• [SOURCE DATA]:
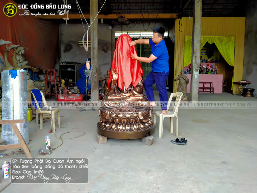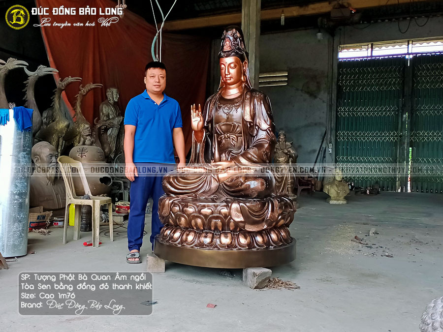 Pho tượng Phật Bà Quan Âm tọa đài sen đồng đỏ cao 1m76 được các nghệ nhân hàng đầu cơ sở Đúc Đồng Bảo Long tâm huyết tạo dựng. Đây là mẫu tượng Phật đẹp, được chế tác thủ công bằng chất liệu đồng đỏ tuyển chọn, trải qua rất nhiều công đoạn chế tác. Pho tượng được các quý Phật tử, quý thầy đánh giá cao bởi diện mặt thần thái, tươi tắn, hình khối tượng tỉ lệ, cân xứng.
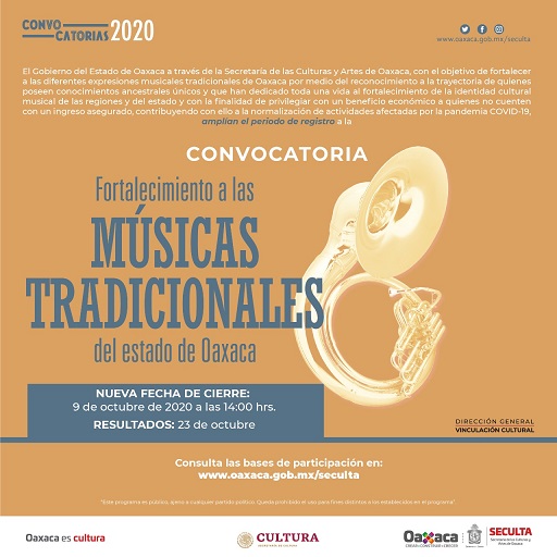 Oaxaca, Oaxaca, Viernes 02 de Octubre, 2020 (Fuente: Comunicado).- El gobierno del estado, a través de la Secretaría de las Culturas y Artes de Oaxaca (SECULTA), anunció la prórroga para la fecha de cierre de las convocatorias “Fortalecimiento a las músicas tradicionales del estado de Oaxaca” y “Fortaleciendo tradiciones de los pueblos indígenas, afromexicano y mestizos del estado de Oaxaca”, encaminadas a la reactivación económica del sector artístico y cultural de la entidad.
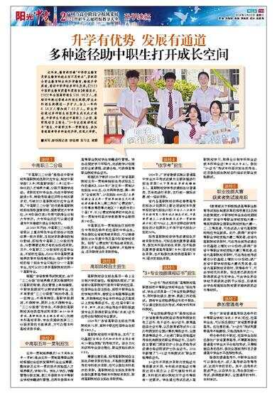 近年来,教育部明确“中等职业教育是职业教育的起点而不是终点”,紧抓符合职业教育特点的升学教育,畅通升学渠道,推动中职学校多样化发展。《2023中国职业教育质量年度报告》数据显示,2022年全国高职招生538.98万人,连续四年超过普通本科招生规模;职业本科招生规模进一步扩大,由上一年的4.14万人增加到7.63万人。职业学校通过多样招生拓宽学生成长成才通道,中职学生可通过中高职三二分段、高职院校自主招生、“3+专业技能课程证书”招生、中高职五年一贯制招生、参加普通高考等多种途径升学,实现大学梦。
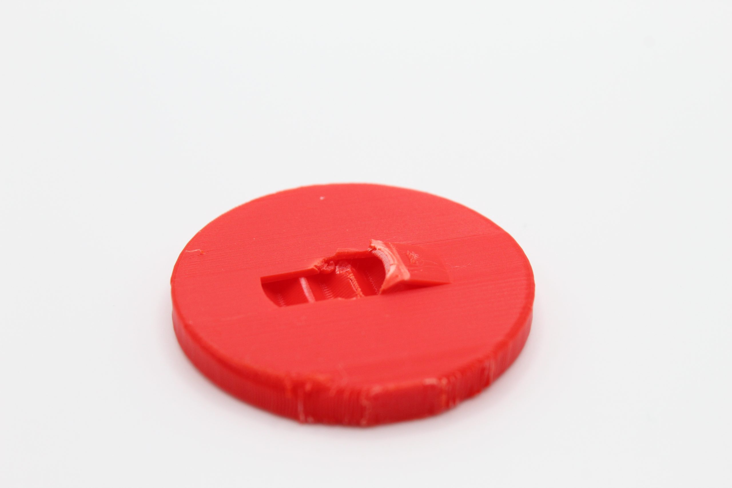 Part after testing, notice how the layers stuck together and the part took some of the circle face with it.
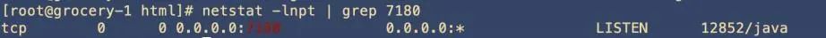 [root@grocery-1 html]# netstat -lnpt | grep 7180tcp 0 0 0.0.0.0:7180 0.0.0.0:* LISTEN 12852/java
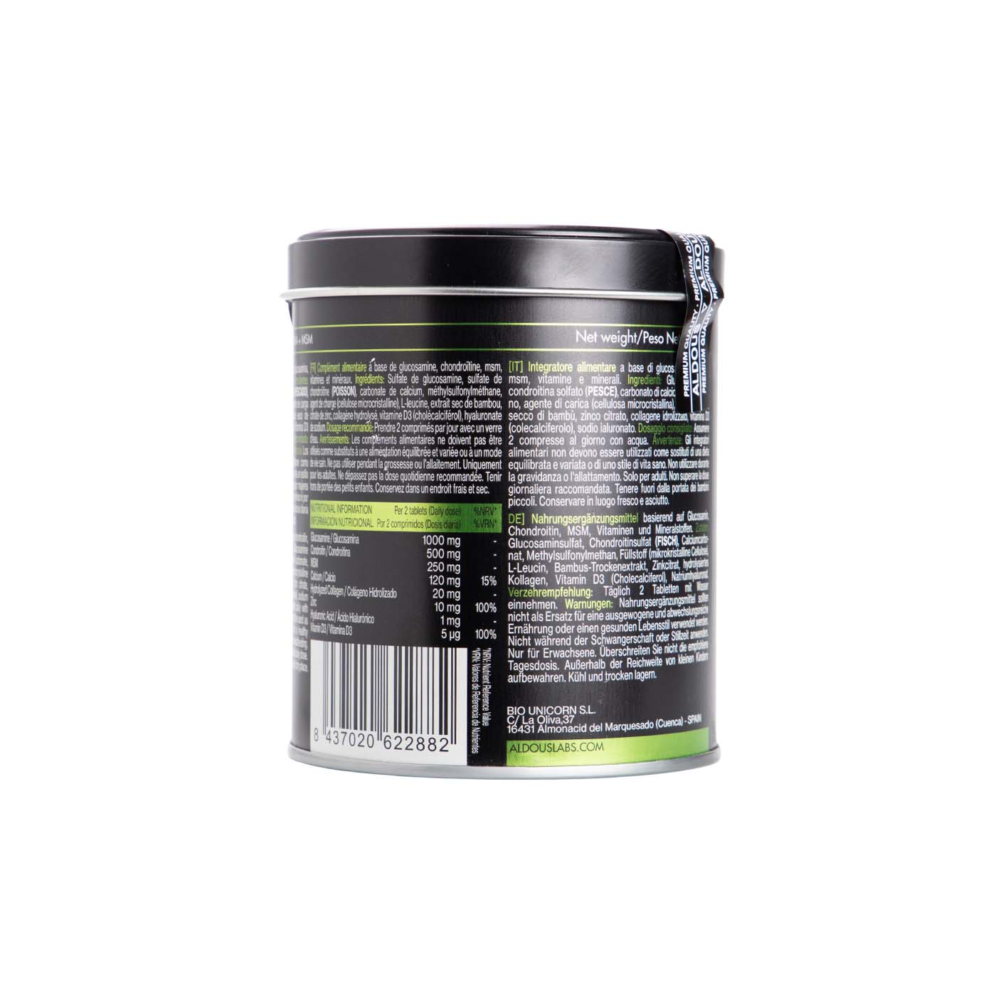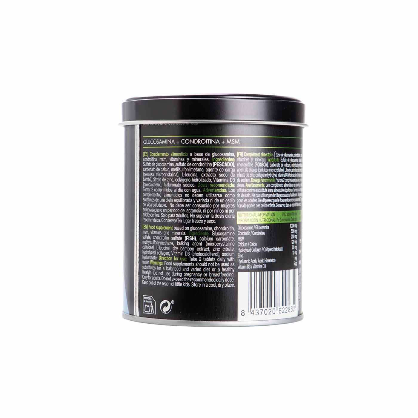 Sulfato de glucosamina, sulfato de condroitina (PESCADO), carbonato de calcio, metilsulfonilmetano, agente de carga (celulosa microcristalina), L-leucina, extracto seco de bambú, citrato de zinc, colágeno hidrolizado, Vitamina D3 (colecalciferol), hialuronato sódico.
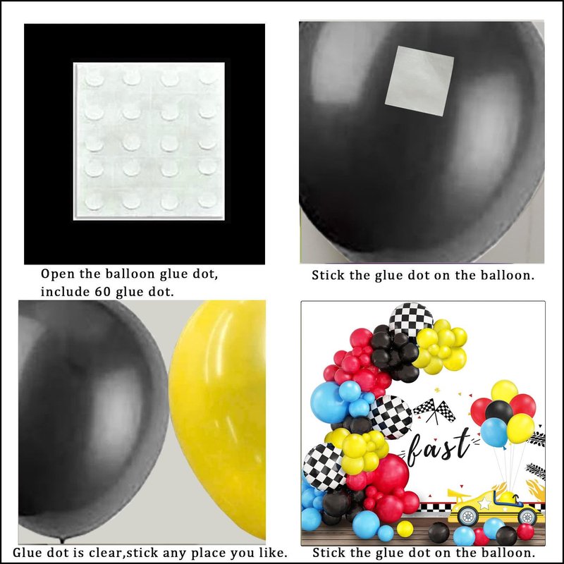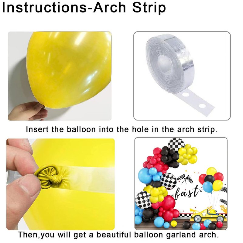 - Easy Diy:The race car balloon arch is very easy to assemble, just inflate the balloons, then stuff the knot into the hole of the balloon arch chain. You can hang them on trees, walls, windows, doorways, dining tables and anywhere you like. It will be a funny family craft to Diy with your family! Hope you enjoy the fun of Diy.
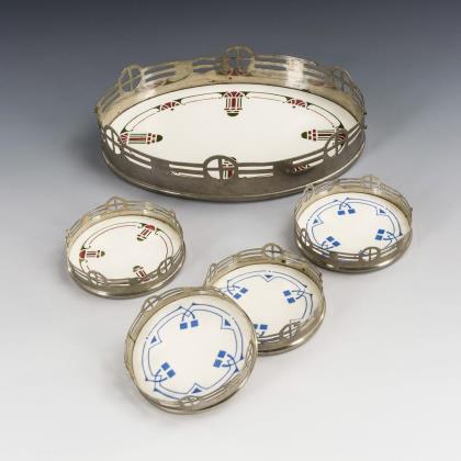 Kleines Jugendstil-Tablett und 4 Untersetzer
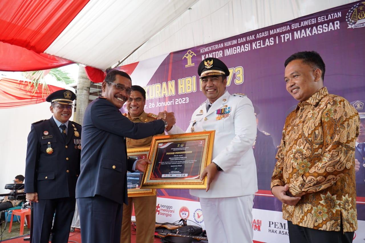 Kakanwil Sulsel menyerahkan piagam penghargaan ini didampingi Kadiv Keimigrasian Jaya Saputra dan Kakanim Makassar Agus Winarto sebagai penanggung jawab teknis di sela rangkaian acara peringatan HBI ke-73 tingkat wilayah yang dilaksanakan di Kantor Makassar, Kamis (26/01).

• [EXERCISE REQUIREMENTS]:
Nothing but the pictures should be left out when the material above is copied.

• [SOLUTION BELOW]:
 Pho tượng Phật Bà Quan Âm tọa đài sen đồng đỏ cao 1m76 được các nghệ nhân hàng đầu cơ sở Đúc Đồng Bảo Long tâm huyết tạo dựng. Đây là mẫu tượng Phật đẹp, được chế tác thủ công bằng chất liệu đồng đỏ tuyển chọn, trải qua rất nhiều công đoạn chế tác. Pho tượng được các quý Phật tử, quý thầy đánh giá cao bởi diện mặt thần thái, tươi tắn, hình khối tượng tỉ lệ, cân xứng.
 Oaxaca, Oaxaca, Viernes 02 de Octubre, 2020 (Fuente: Comunicado).- El gobierno del estado, a través de la Secretaría de las Culturas y Artes de Oaxaca (SECULTA), anunció la prórroga para la fecha de cierre de las convocatorias “Fortalecimiento a las músicas tradicionales del estado de Oaxaca” y “Fortaleciendo tradiciones de los pueblos indígenas, afromexicano y mestizos del estado de Oaxaca”, encaminadas a la reactivación económica del sector artístico y cultural de la entidad.
 近年来,教育部明确“中等职业教育是职业教育的起点而不是终点”,紧抓符合职业教育特点的升学教育,畅通升学渠道,推动中职学校多样化发展。《2023中国职业教育质量年度报告》数据显示,2022年全国高职招生538.98万人,连续四年超过普通本科招生规模;职业本科招生规模进一步扩大,由上一年的4.14万人增加到7.63万人。职业学校通过多样招生拓宽学生成长成才通道,中职学生可通过中高职三二分段、高职院校自主招生、“3+专业技能课程证书”招生、中高职五年一贯制招生、参加普通高考等多种途径升学,实现大学梦。
 Part after testing, notice how the layers stuck together and the part took some of the circle face with it.
 [root@grocery-1 html]# netstat -lnpt | grep 7180tcp 0 0 0.0.0.0:7180 0.0.0.0:* LISTEN 12852/java
 Sulfato de glucosamina, sulfato de condroitina (PESCADO), carbonato de calcio, metilsulfonilmetano, agente de carga (celulosa microcristalina), L-leucina, extracto seco de bambú, citrato de zinc, colágeno hidrolizado, Vitamina D3 (colecalciferol), hialuronato sódico.
 - Easy Diy:The race car balloon arch is very easy to assemble, just inflate the balloons, then stuff the knot into the hole of the balloon arch chain. You can hang them on trees, walls, windows, doorways, dining tables and anywhere you like. It will be a funny family craft to Diy with your family! Hope you enjoy the fun of Diy.
 Kleines Jugendstil-Tablett und 4 Untersetzer
 Kakanwil Sulsel menyerahkan piagam penghargaan ini didampingi Kadiv Keimigrasian Jaya Saputra dan Kakanim Makassar Agus Winarto sebagai penanggung jawab teknis di sela rangkaian acara peringatan HBI ke-73 tingkat wilayah yang dilaksanakan di Kantor Makassar, Kamis (26/01).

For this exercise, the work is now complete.